The central thesis of the neoconservatives and liberal hawks, and the latent justification for the war in Iraq is that by promoting democracy in the Arab and wider Muslim world - by military means if necessary - the constituency for radical Islamism will be diminished, and as it is diminished so will the threat of radical Islamist terrorism to the west. Even if it does not amount to liberal democracy, in the modern western sense, the more illiberal elements of Arab and Muslim society will at least have an opportunity to express their particular passions in electoral politics, rather than by flying airplanes into our respective places of work - or so the theory goes.
Despite my lack of enthusiasm for the war in Iraq, and my conviction that dramatically reducing western dependence on oil, and strategically withdrawing from the region could also accomplish an end to the Islamist threat, I always found this thesis more sound than many on the left, or at least more sound than what the liberal internationalists have been trying to sell me.
But is it?
Over in Indonesia, which is not only a nascent Muslim democracy, but a nascent Muslim democracy in which the electorate handed a moderate the presidency this past year, there is a thriving radical Islamist movement bent not only on toppling the elected government, but also on taking its war with modernity to the west, and westerners. Remember that little bombing in Bali?
And don't even say Turkey, which was of course modernized, and liberalized through decades of iron-fisted secular authoritarianism in the twentieth century.
Then there's the sad case of Nigeria, where democracy has brought hardline sharia to all aspects of law - family, civil, and criminal - in the Muslim north. It has more than 80% approval there, and the central government, fearing a religious civil war, has no power to prevent women from becoming the de facto property of their husbands, the hands of thieves chopped off, and adulterers stoned to death. This is the face of Muslim democracy in the early 21st century, as much as those teary eyed Shia voting in Basra in January.

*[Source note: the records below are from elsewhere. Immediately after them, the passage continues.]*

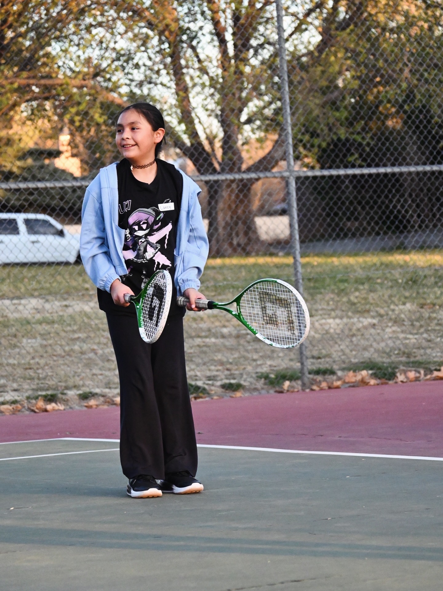 NB3FIT Program Coordinator, Mia Freeland and volunteer coach and NB3 Foundation staff member Jared Lesansee are leading instruction and helping youth learn the basics. With smaller group settings and beginner friendly instruction, tennis offers a welcoming environment for youth who are new to sports. By the end of week two, youth began Friday play days where they compete against one another in a match like settings.
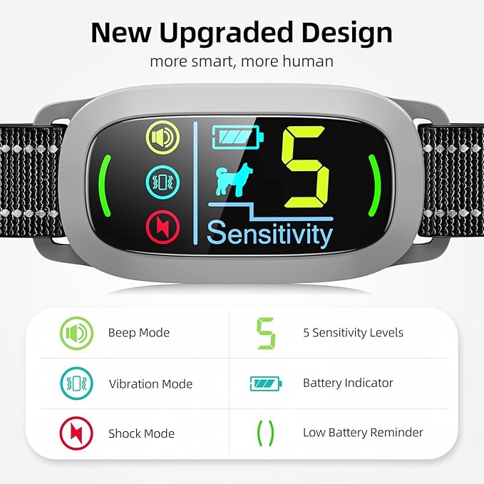- Safer Humanized Setting: The dog bark collar has 4 working modes, no shock mode: beep, vibration, beep+vibration; Shock mode: beep+vibration+shock, 5 adjustable sensitivity levels; Just press the M button to switch the mode at will, you can enjoy quiet time
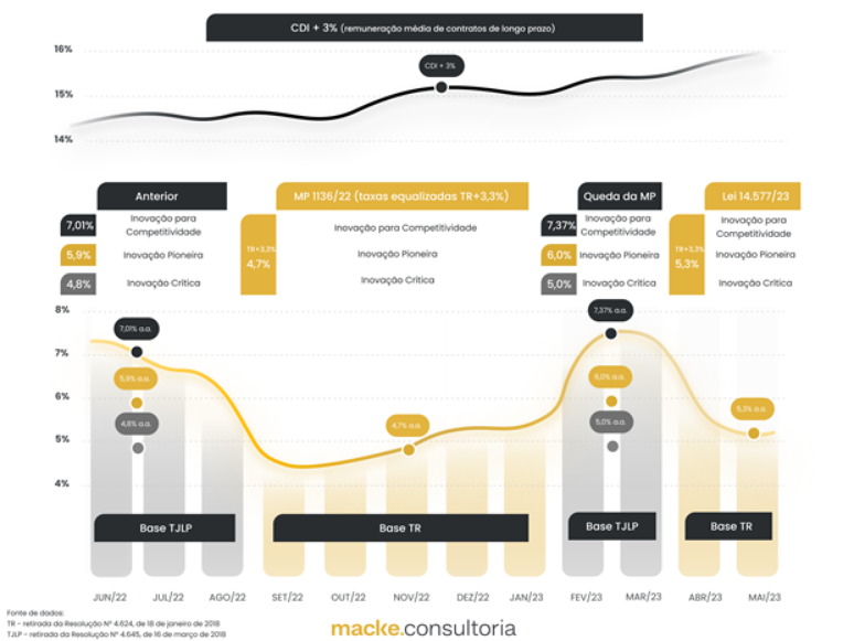 A MP 1.139/2022, medida vigente até maio, já havia alterado em setembro de 2022 a TJLP para a TR, aumentando em 56,2% a demanda em relação à média dos últimos 4 anos, segundo dados da Finep. A MP caducou em fevereiro e teve novamente o indexador alterado para a TJLP, até que, em abril, houve a modificação da Lei 11.540/07 e a TR se tornou a taxa base.
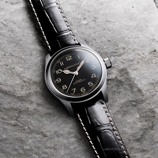 ハミルトン カーキ フィールド マーフ 38 H70405730は、映画との関わりを背景に誕生したマーフウォッチを、日常使いしやすい38mmケースに落とし込んだモデルです。オリジナルの42mmモデルに比べ、装着感が向上し、日本人の腕にも自然に収まりやすいサイズ感が評価されています。ブラックダイヤルにホワイトのインデックス、視認性を重視したシンプルなデザインは、ミリタリーウォッチの系譜を感じさせつつも、過度な無骨さを抑えた仕上がりです。ムーブメントには自動巻きを採用し、実用性とブランドの信頼性を両立しています。限定モデルではないものの、明確なストーリーと完成度の高さから、単なる量産モデル以上の位置付けで見られることが多いのが特徴です。
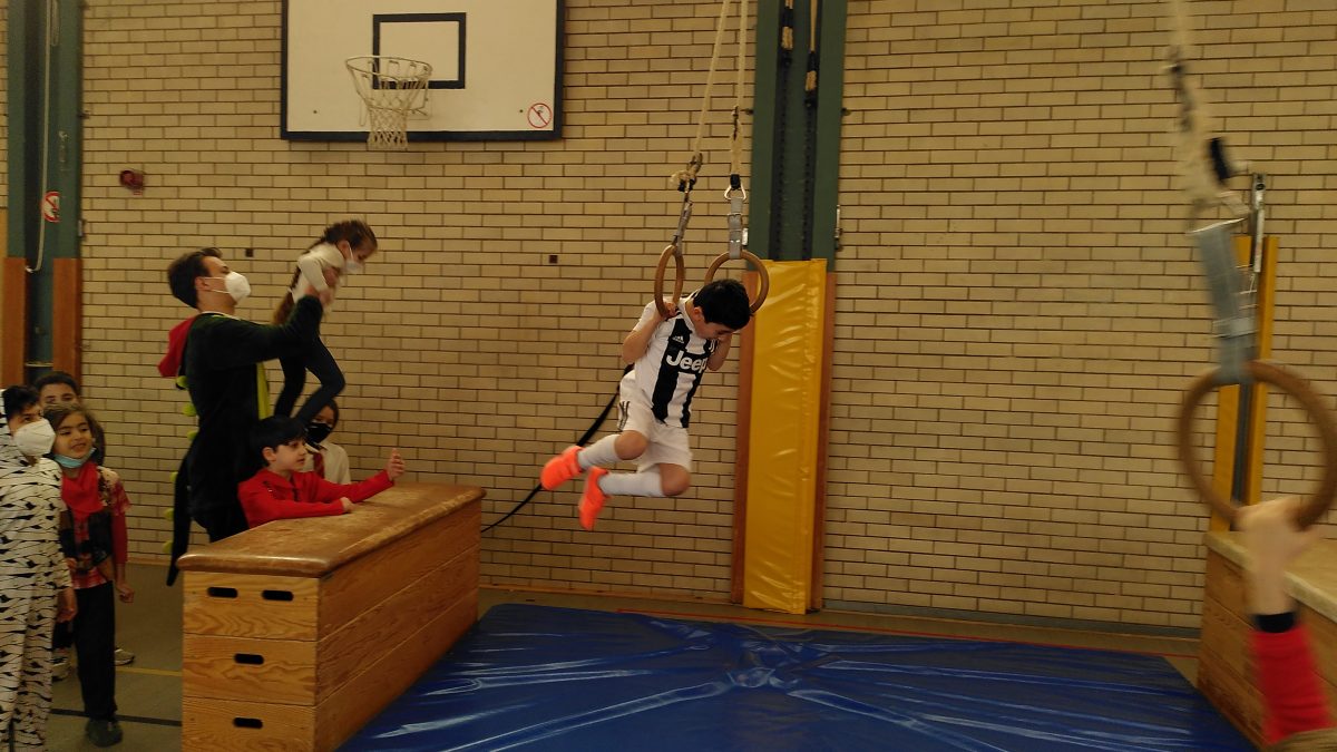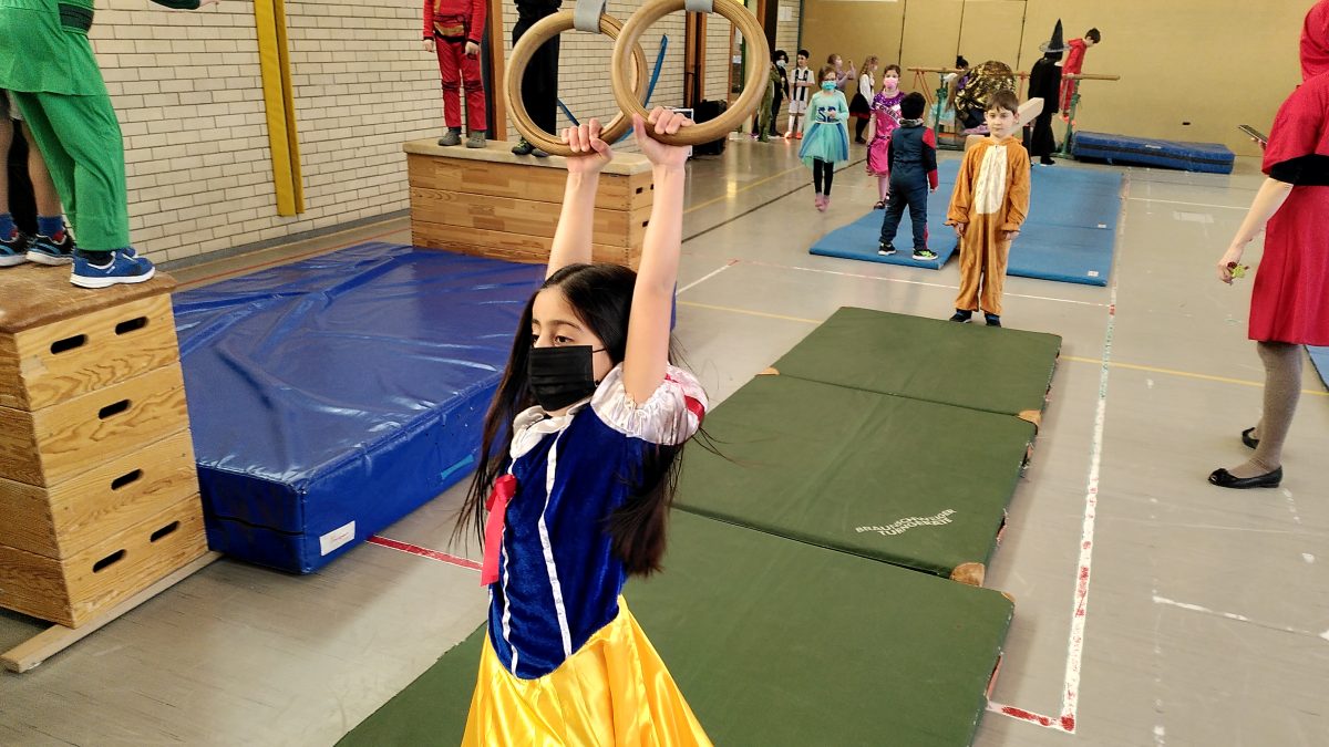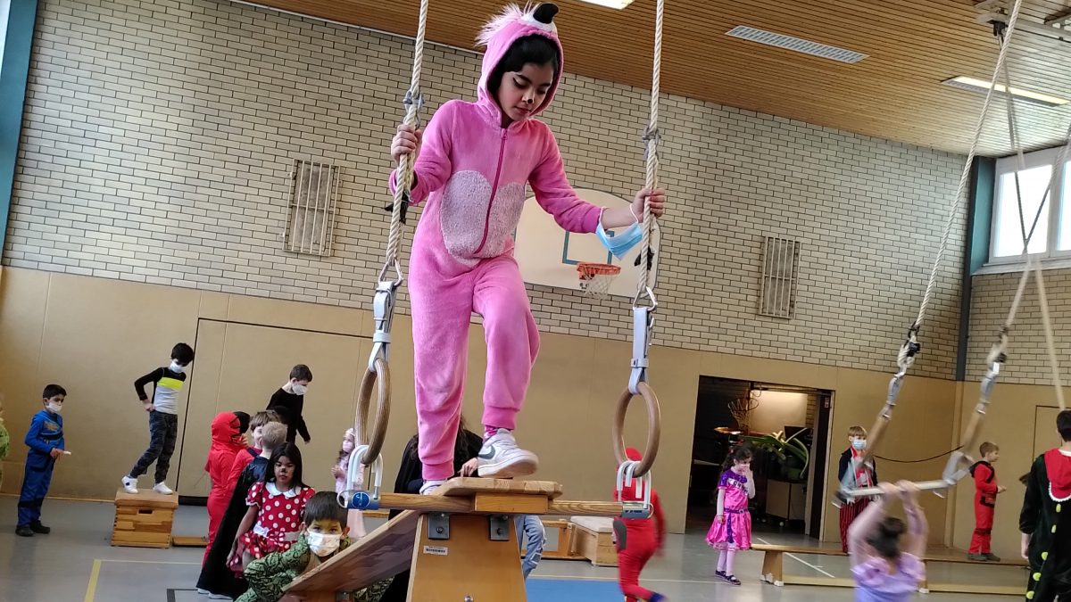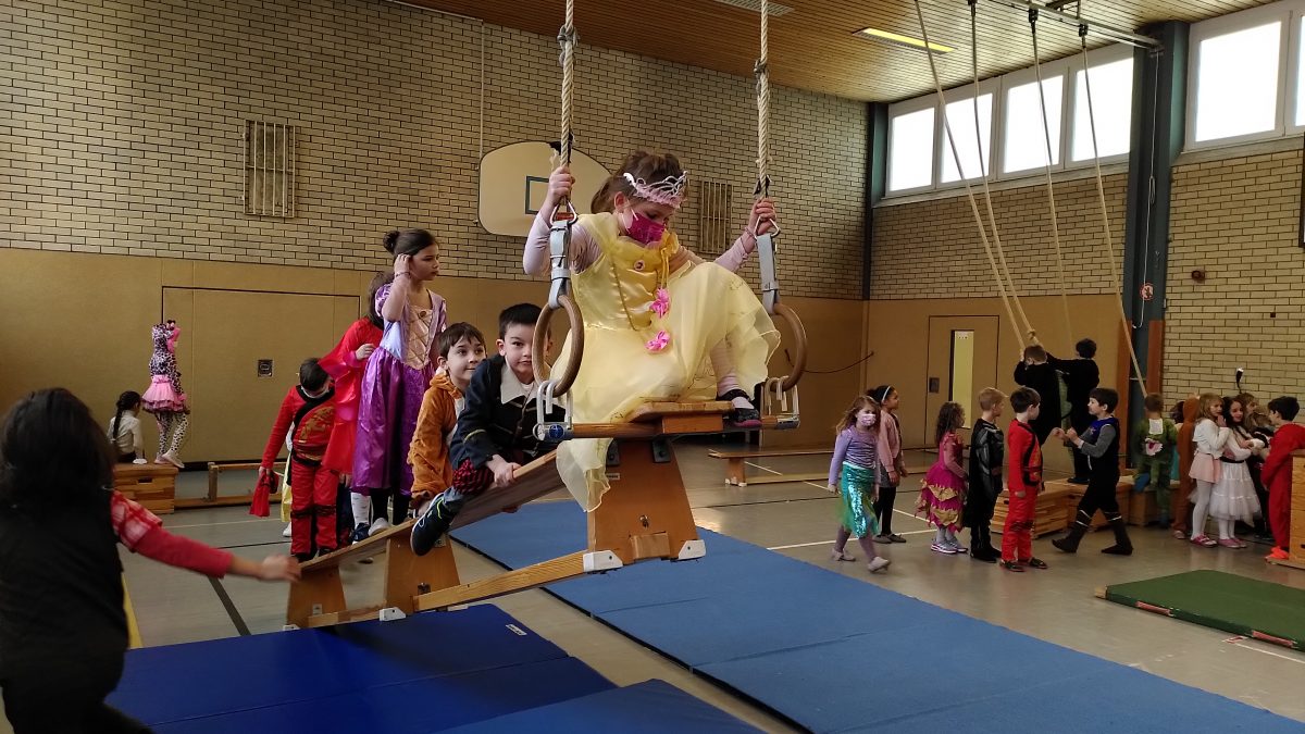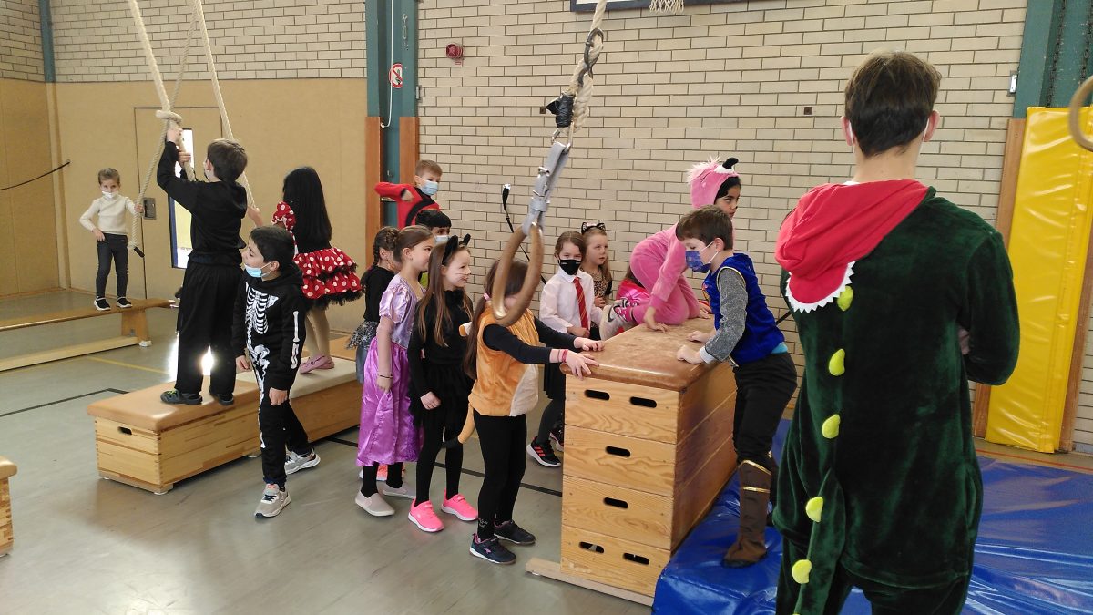 Ein besonderes Highlight für alle Klassen war sicherlich die Bewegungslandschaft in der Turnhalle, die von den Sportlehrkräften vorbereitet worden war und viele Anreize zum Klettern, Hangeln, Schwingen und Springen bot, damit sich alle kleinen Jecken austoben konnten.

But while I'm on the subject of Iraq, it seems only a question now of how much sharia will be written into Iraqi law (particularly in the south) not if. I'm all for democracy, and to be frank I found the response by certain segments of the left to the elections in Iraq little short of vile, but if invading and occupying foreign countries at the cost of billions (and probably eventually trillions) of dollars, and thousands of lives, not to mention losing half our civil liberties at home, means we a) don't end the threat of Islamist terrorism and b) the people of the Muslim world choose deeply illiberal leaders and policies how is that worth it?
No one is going to convince me that a "war on terror" in which Washington continues to enable and protect repressive Arab and Muslim regimes, and does not seek political reform in the Arab and broader Muslim world is anything but a recipe for perpetual anti-American Islamist terrorism, which is to say that no one is going to convince me that liberal internationalism, or realism, or whatever you want to call it, vis a vis the Muslim world in the coming years is a good idea.
But count me decidely less convinced that the liberal hawks, neoconservatives, and eagles know what they're talking about.
My initial instincts, post 9/11, were isolationist. Perhaps those instincts were right, although count me as skeptical that we'll ever have a chance to find out.